Having missed every signal under the Sun for as far back as I can remember:
Rates Should Stay on Hold Into the New Year
The unemployment rate ticked up to 5.3% in October, while real wage growth fell further, to 0.5%. Australia’s inflation rate, at 1.7% in the September quarter, remains below the Reserve Bank of Australia’s official target range of 2-3%. The RBA Shadow Board’s conviction that the cash rate should remain at the low rate of 0.75% equals 45%, while the confidence in a required rate cut is 20% and the confidence in a required rate hike 35%.

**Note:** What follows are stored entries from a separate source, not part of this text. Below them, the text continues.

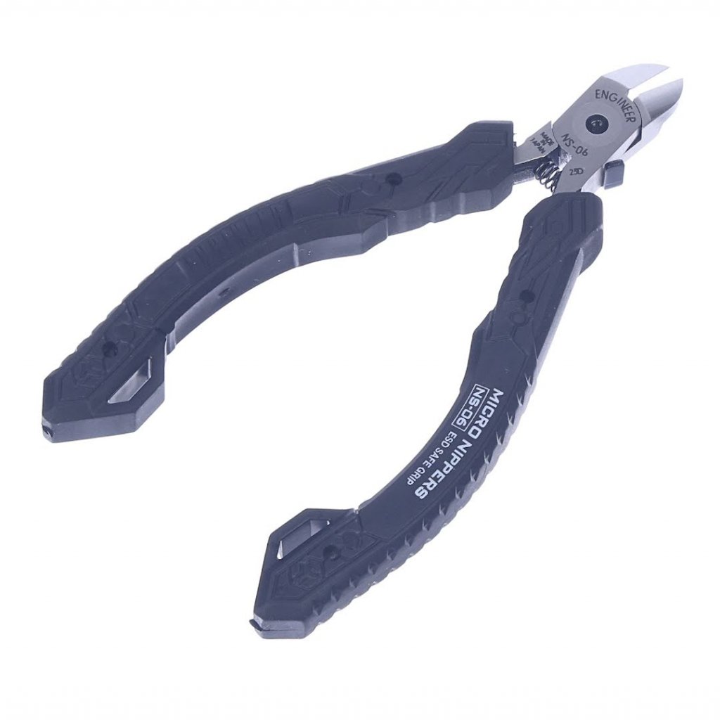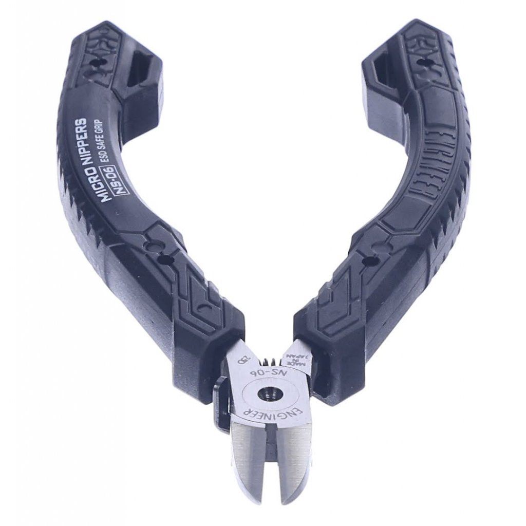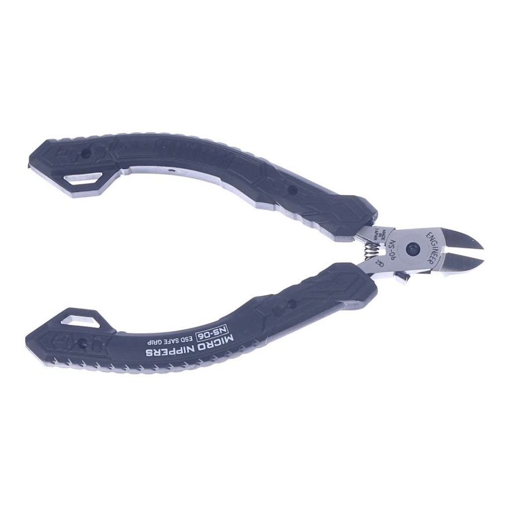 ENGINEER Micro Nippers, model NS-06, je specializovaný nástroj pro precizní práci kolem desek plošných spojů a citlivé elektroniky. Jeho rozměry 112 mm na délku a nízká hmotnost 52 g umožňují snadnou manipulaci a manévrování v těsných prostorech. Tyto kleště jsou výhradně určeny pro stříhání měkkých drátových materiálů, jako je měď, s řeznou kapacitou až 0,8 mm v průměru. Disponují nastavitelným otvorem čepele s pružinou, která zabraňuje uvolnění, což zajišťuje hladké a přesné řezy. Rukojeti jsou vyrobeny z ekologicky šetrné elastomerové pryskyřice, poskytující pohodlný a bezpečný úchop.
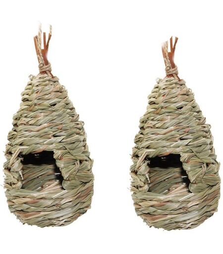 2 Paquets De Cabane À Oiseaux En Herbe, Maison À Oiseaux Suspendue, Nid En Fiber De Nid D'oiseau Tissé À La Main, Poche De Perche, Cachette Pour Oiseaux Loin Des Prédateurs
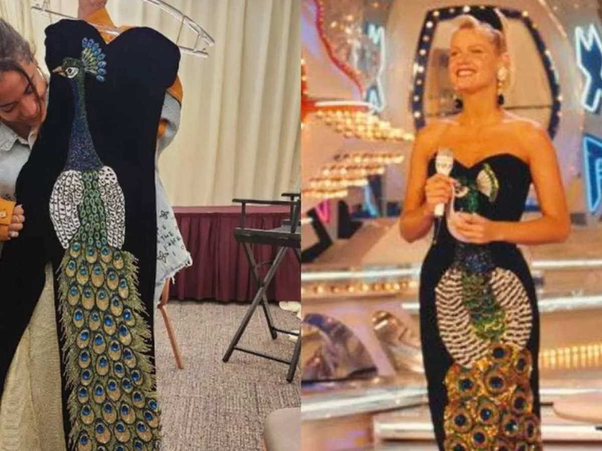 Na imagem, a apresentadora mostra uma foto de bastidor onde Anitta apareceu exibindo o vestido. A peça possui aplicações em pedrarias que montam o formato de um pavão na saia. "Duas rainhas", "Absurdo de lindo", "Duas divas", "Rainhas", "Você merece, Xu! Ela arrasou na escolha" foram alguns dos comentários que os seguidores de Xuxa Meneghel deixaram na publicação. Fonte: Marie Claire

Based on ABS figures for October, the seasonally adjusted unemployment rate in Australia inched up to 5.3%, coinciding with another small drop in the labour force participation rate to 66. Both full time and part time employment fell; on a net basis the economy lost 19,000 jobs in total. Wages growth data, released a fortnight ago, confirmed expectations of weakness: nominal wages grew, year-on-year, by 2.2%, or, given the current inflation rate of 1.7%, by 0.5% in real terms. In light of slow output growth, sustained weak wages growth is a major concern for a policy makers. Without a considerable pickup in wages growth to prop up consumption spending, and thus overall aggregate demand, economic activity is likely to stay muted, or slow further.